It is easy to compute that $\Delta f(n)=f(n+1)-f(n)=n+1,\;\Delta^2 f(n)=\Delta f(n+1)-\Delta f(n)=(n+2)-(n+1)=1$ and $\Delta^k f(n)=0$ for $k\geq 3$. Can we conclude that $f$ is polynomial of degree $2$? I know that in this given example $f$ is polynomial of degree $2$ but what about general case?
If $f$ is function for which $\Delta^{k+1} f(n)= \Delta^k f(n+1)-\Delta^k f(n)=0$ for $k\geq 3$ then $f$ is polynomial of degree $2$?
Yes, and this is a result that holds generally (except it is of degree at most 2). We can even prove it. First, the more general statement:
We proceed by induction. As base case we have a function such that $\Delta f(n) = 0$. What does this mean? It means the value of $f$ never changes. So $f$ must be a constant, which is a polynomial of degree $0$ (the zero polynomial itself has degree $0$ in this case).

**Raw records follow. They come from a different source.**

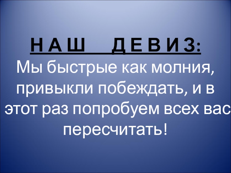 Слайд 2Н А Ш Д Е В И З: Мы быстрые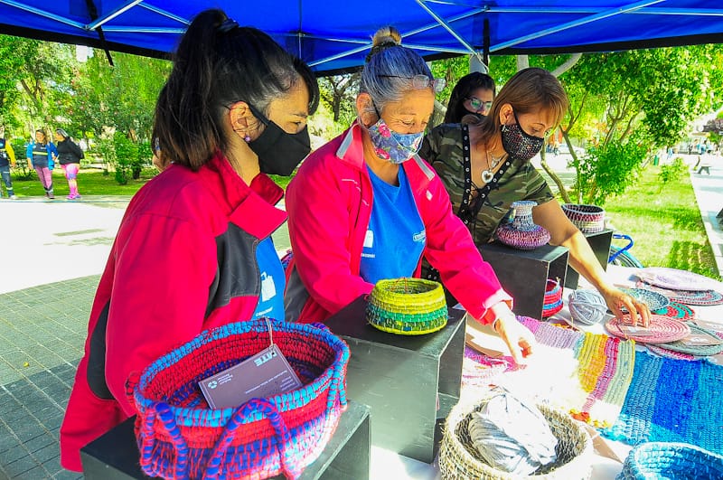 Este miércoles en inmediaciones de la Plaza Independencia se colocaron tres unidades productivas a cargo de la Escuela Municipal de Artesanías, en conjunto con el MTE mujeres y fundación La Minga. Las tres unidades productivas contaron con los grupos «Nuevas Creaciones» que realizan toallitas reutilizables para la gestión menstrual, también «Hilando Tradiciones», que hacen hilado en uso y en rueca con lanas patagónicas y el grupo «Manos Creativas» que reciclan telas en desuso de las fábricas textiles, a través de los recuperadores urbanos para la creación de cuencos y alfombras.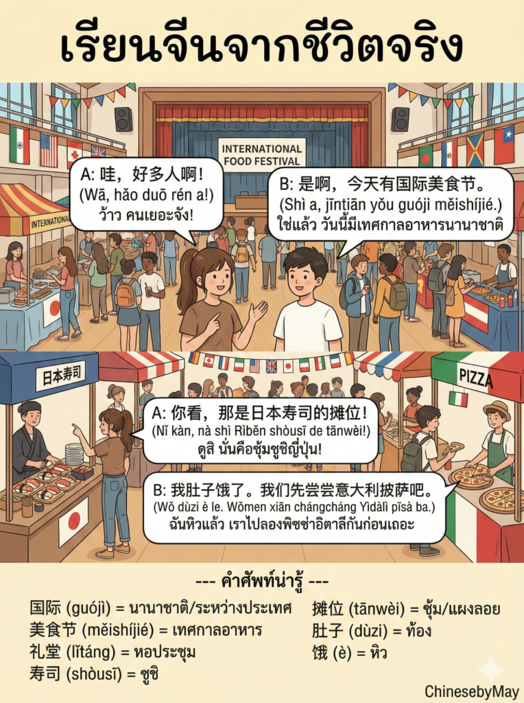 เดินเที่ยวเทศกาลอาหารนานาชาติBy May Laoshi / 3 กุมภาพันธ์ 2026 ถิงถิงและเพื่อนเดินเที่ยวเทศกาลอาหารนานาชาติ ชวนทุกคนเรียนรู้คำศัพท์กันค่ะ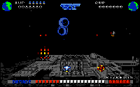 It soon becomes apparent that no penalty is incurred for letting the missiles past, other than a slight drop in the overall score. As long as the attacking spacecraft are destroyed, everything is hunky dory.
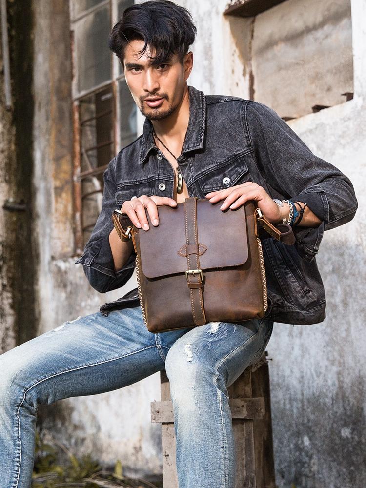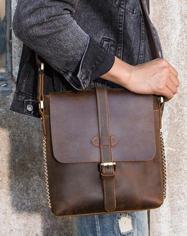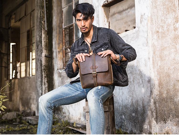 Style: Dark Brown Casual Leather Mens 10 inches Side Bag Postman Bag Black Messenger Bag Courier Bag for Men

Now for induction, assume we have proven the above statement for all values of $k$ up to $\ell - 1$, and want to prove that it holds for $k = \ell$ as well. So we take a function $f$ such that $\Delta^{\ell + 1}f(n) = 0$. That means, by the same argument as the base case, that $\Delta^\ell f(n)= c$ is a constant. Now consider the polynomial function given by $g(n) = \frac{c}{\ell!}n^{\ell}$. We have $\Delta^\ell g(n) = c$. So this means we have $\Delta^\ell(f-g)(n) = 0$. By the induction hypothesis, this means that $f-g$ is a polynomial of degree at most $\ell - 1$. And since $g$ is a polynomial (either the zero polynomial or a polynomial of degree $\ell$) this means that $f$ must be a polynomial of degree at most $\ell$.